The twin pandemics of racism and coronavirus are colliding, in reality and in metaphor. Anti-racism scholar Ibram X. Kendi writes in the Atlantic of “the racial pandemic within the viral pandemic.” And the meme of “America's two deadly viruses” has gone viral on Twitter. But while one is a literal (and new) virus and the other an endemic condition that has persisted over centuries, the scope of each spans the range from local communities to the entire planet.
The footprint of these intersecting pandemics differs by geography and by the distribution of vulnerability along many lines of inequality. Actions of resistance also vary from place to place and over time. But there are, nonetheless, common threads in the global response, eloquently summed up in an online monologue by Trevor Noah, the South African comedian who has become one of the most incisive media commentators on American society. His comments were entitled “George Floyd and the Dominos of Racial Injustice.”
“You know what's really interesting about what's happening in America rights now is that a lot of people don't seem to realize how dominoes connect, how one piece knocks another piece that knocks another piece, and in the end creates a giant wave.”

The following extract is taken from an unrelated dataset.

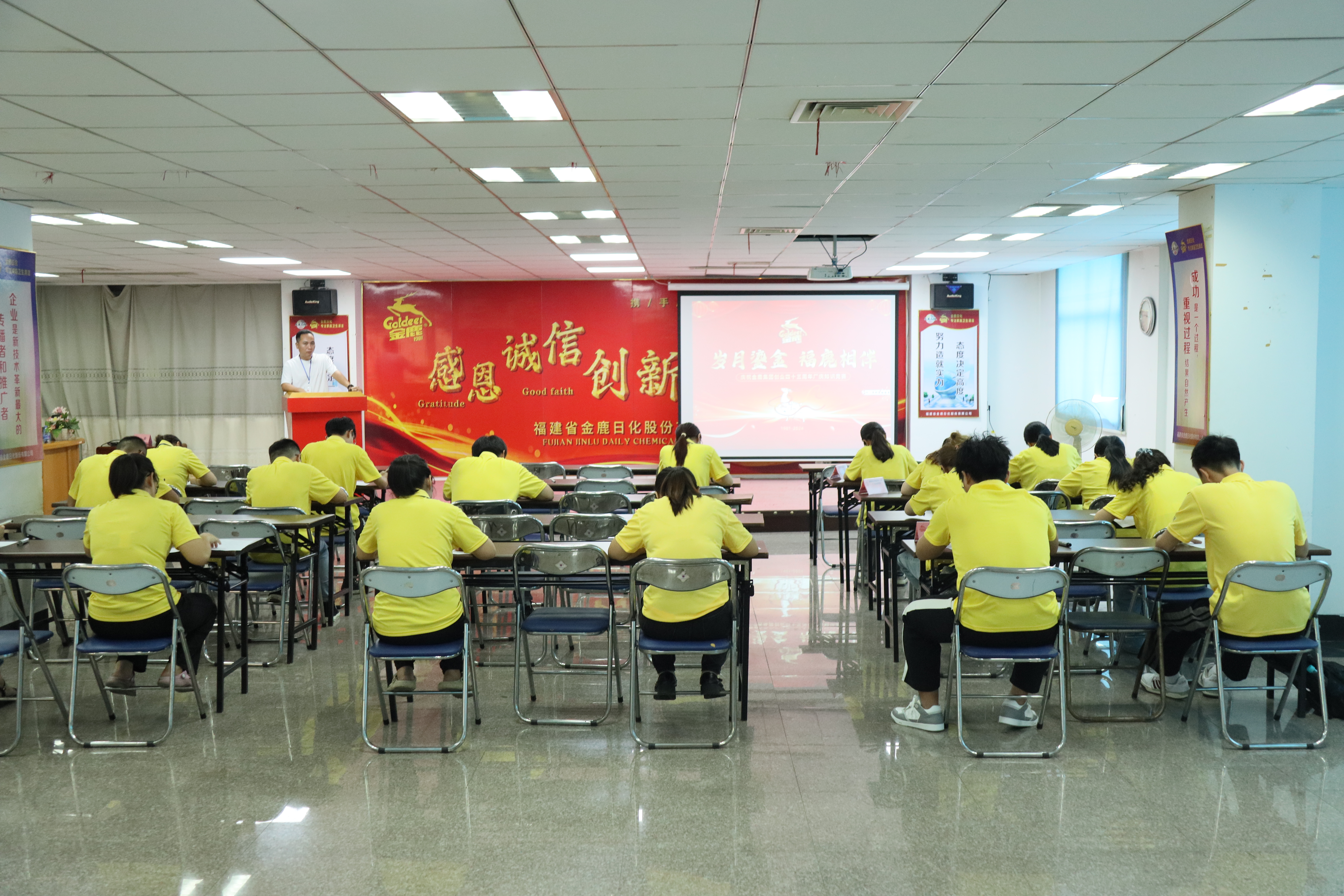 金鹿集團歷經風雨,拼搏奮進,于8月1日迎來了四十三周年的生日。為了激發員工的工作熱情,提升專業技能,增強團隊協作與創新思維,同時也為感恩全體金鹿人的辛勤付出,金鹿集團舉辦了“歲月鎏金·福鹿相伴”的廠慶系列活動,活動分為知識競賽、技能競賽及廠慶晚宴三個活動。

Each story seems completely unrelated and yet at the same time I feel that everything that happens in the world connects to something else in some way, shape, or form.
While everyone is facing the battle against coronavirus, Black people in America are still facing racism and coronavirus.”
In June 2020, the United States is an epicenter of both pandemics. The outcomes here will have deep effects not only on this country but around the world. Demonstrators in many countries are mobilizing in solidarity with the US-based Black Lives Matter movement. On June 2, 105 African writers expressed this global solidarity in an open letter:
“As African writers without borders who are connected beyond geography with those who live in the United States of America and other parts of the African diaspora, we state that we condemn the acts of violence on Black people in the United States of America.”
The letter went on to cite the names of those killed most recently, such as George Floyd and Breonna Taylor, followed by a long list of others; it also acknowledged the many unnamed. The writers added:
“We note in dismay that what Malcolm X said in Ghana in 1964 that 'for the twenty million of us in America who are of African descent, it's not an American dream; it's an American nightmare' remains true for 37 million in 2020.”
This global response is not only a matter of empathy, spurred by
the explicit video of George Floyd's murder, which was viewed
worldwide. It is also a recognition that anti-Black racism is
global, not confined to any one country. This racism shows itself
in the treatment of Africans and Afro-descendants in a wide range
of countries, even those without large Black populations, such as
China. It is reflected in the position of the African continent in
the global hierarchy, and in the racial hierarchy within the global
institutions that make up the postwar order.
Around the world, the impact of the coronavirus pandemic within
each country intersects with that country's specific structural
inequalities. In countries that are relatively homogeneous in
racial terms, such as most African countries and many Asian
countries, the most salient division may not be race. But in every
country, sickness and death from the virus, as well as income
losses and medical costs, have inflicted disproportionate suffering
on the most vulnerable. Each society’s response in turn reveals the
weaknesses or strengths of its governmental institutions.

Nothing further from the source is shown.